UNITED NATIONS, (Reuters) – The International  Criminal Court has ordered the arrest of Sudan’s president, but  even the court’s most ardent supporters concede it will be a  long time before he appears in the dock — if he ever does.

As a legal expert for New York-based Human Rights Watch,  Richard Dicker, noted this week, the “Achilles heel” of the ICC  is that it has no police force to carry out its warrants.

Instead, the Hague-based ICC depends on governments, mainly  those of the suspects it indicts, to enforce its wishes.

Of the four people — all Congolese warlords — surrendered  to the ICC since it came into being in 2002, three were handed  over by the government of the Democratic Republic of Congo and  one by Belgium. Seven other people indicted before this week  are still at large.

In a statement on Wednesday accompanying its warrant, the  ICC directed its registrar to send Khartoum a request to arrest  and surrender President Omar Hassan al-Bashir for alleged war  crimes and crimes against humanity in Darfur.

It also declared that under a 2005 U.N. Security Council  resolution referring the Darfur issue to the ICC, Sudan is  obligated to cooperate with the court even though it is not a  party to the Rome statute that created the tribunal.

But in reality no one expects Sudan to hand over Bashir,  who has been executive ruler of the country for more than 15  years, absent major political changes in the country.

Sudan has said repeatedly it does not recognize the ICC and  will ignore its requests. It has already refused to hand over  two Sudanese men previously indicted by the court for alleged  crimes in Darfur.

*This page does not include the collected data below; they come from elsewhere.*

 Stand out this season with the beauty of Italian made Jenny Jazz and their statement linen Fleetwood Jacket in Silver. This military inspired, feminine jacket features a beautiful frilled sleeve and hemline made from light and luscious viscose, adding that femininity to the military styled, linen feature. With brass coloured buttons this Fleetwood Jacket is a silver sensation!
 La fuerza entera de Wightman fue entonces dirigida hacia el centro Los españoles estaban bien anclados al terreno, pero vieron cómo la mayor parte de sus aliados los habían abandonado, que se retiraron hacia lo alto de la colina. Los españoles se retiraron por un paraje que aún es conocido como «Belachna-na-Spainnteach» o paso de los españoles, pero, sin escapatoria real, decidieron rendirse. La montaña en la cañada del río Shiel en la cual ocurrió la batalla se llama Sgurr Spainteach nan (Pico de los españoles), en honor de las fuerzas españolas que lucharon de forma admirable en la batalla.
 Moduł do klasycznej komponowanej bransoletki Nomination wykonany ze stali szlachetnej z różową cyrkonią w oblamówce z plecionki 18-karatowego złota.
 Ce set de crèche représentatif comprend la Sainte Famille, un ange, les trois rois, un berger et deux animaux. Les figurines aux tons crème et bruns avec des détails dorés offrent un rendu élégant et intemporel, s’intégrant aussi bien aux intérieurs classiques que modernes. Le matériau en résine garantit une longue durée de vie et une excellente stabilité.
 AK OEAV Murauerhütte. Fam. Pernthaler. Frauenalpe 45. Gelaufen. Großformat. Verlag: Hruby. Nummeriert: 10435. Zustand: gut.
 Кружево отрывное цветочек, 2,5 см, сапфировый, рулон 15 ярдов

The United Nations, which has thousands of peacekeeping  troops in Sudan, says they are not mandated to arrest Bashir  and will not attempt to do so unless their mandate is changed  by the Security Council — which diplomats says is unlikely.

So the debate among diplomats and analysts has been to what  extent the arrest warrant could restrict Bashir’s foreign  travel, reduce his international influence and possibly, in the  long run, weaken him politically at home.

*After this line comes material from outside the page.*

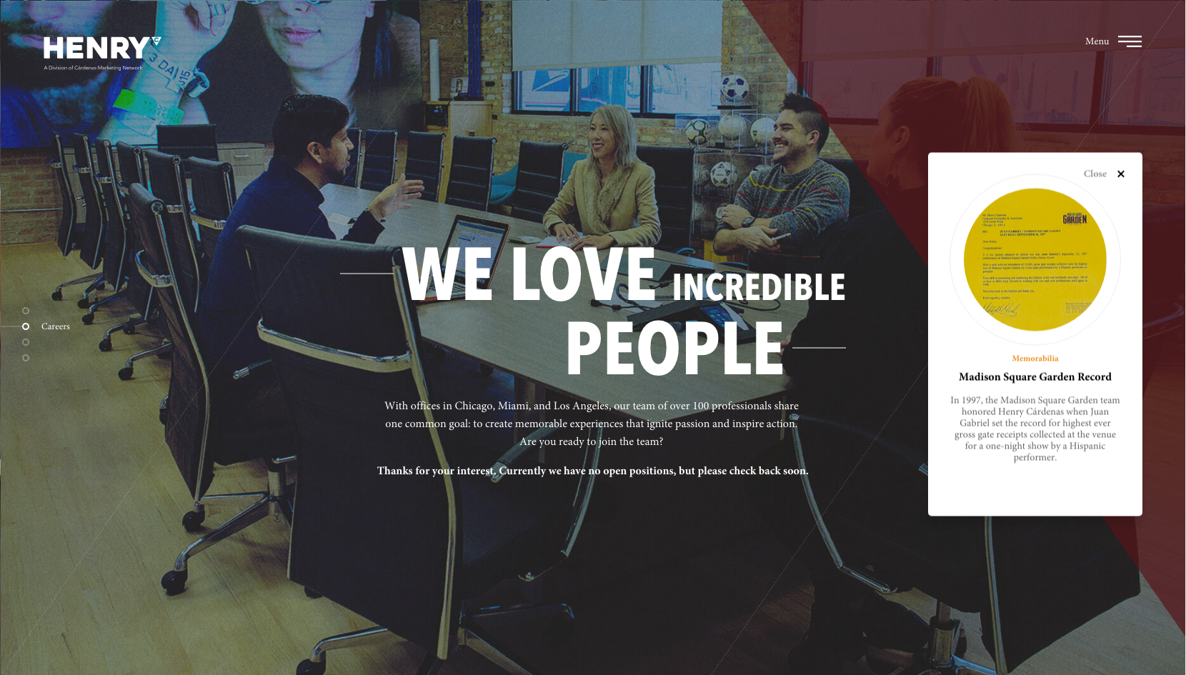 I led the development of the website for a new multicultural marketing agency, overseeing every aspect of the process, from vendor selection to launch. The site is meant to convey the spirit of "cultural vibrancy" at the heart of the agency's services. Special easter eggs included archival materials from the parent company's many years in live tour production.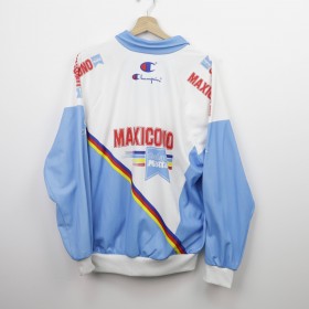 1990/1991 Parma Champion Maxicono full zip training and representation jacket. Classic white and light blue design featuring Maxicono and Gelati Motta sponsors, with multicolor diagonal detail on front and back. Embroidered Champion logos and sponsor details on chest and sleeves. Long sleeve vintage model with side pockets and full zip. An iconic piece from Parma’s golden years, perfect for collectors and vintage football fans.

In its statement, the ICC called on the 108 countries that  are parties to the Rome statute, U.N. Security Council members  that are not parties — who include the United States, Russia  and China — and “any other state as may be necessary” to  cooperate with the arrest warrant.

Bashir would appear to be most at risk of arrest if he  arrived in a country that is a party to the Rome statute.

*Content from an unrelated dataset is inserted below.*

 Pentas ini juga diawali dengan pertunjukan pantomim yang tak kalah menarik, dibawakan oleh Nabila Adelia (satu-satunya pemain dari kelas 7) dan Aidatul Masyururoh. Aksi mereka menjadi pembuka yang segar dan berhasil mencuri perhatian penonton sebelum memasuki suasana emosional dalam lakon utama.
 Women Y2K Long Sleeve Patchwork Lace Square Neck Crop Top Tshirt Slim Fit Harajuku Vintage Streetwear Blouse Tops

That effectively allows him to travel most of the Arab  world, since of the 22 Arab League members, only Jordan,  Djibouti and the Comoros have signed and ratified the statute.  Sudan says Bashir will attend a League summit in Doha, Qatar,  later this month.

Thirty African states are parties, but Ethiopia, which  hosts the headquarters of the African Union, is not one. Bashir  attended an AU summit in Addis Ababa just last month.

Both the Arab League and the AU have criticized the arrest  warrant as a threat to peace prospects in Darfur and both  organizations are sending delegations to New York to try to  persuade the Security Council to defer it. Veto-holders the  United States, Britain and France oppose any deferral.

Western countries say that for a state belonging to the  ICC, its obligation to carry out an arrest warrant outweighs  any other consideration. But an African country thinking of  accepting a visit by Bashir might argue that he is immune to  arrest as a head of state.

The ICC warrant may not even stop diplomatic contacts with  Bashir. The U.N. envoy of one major Western state said his  country would cut “non-essential” contacts with the Sudanese  leader but that “essential” contacts might include an  ambassador’s presentation of credentials in Khartoum.

U.N. spokeswoman Michele Montas said U.N. officials “will  continue to deal with President al-Bashir when they need to do  so.”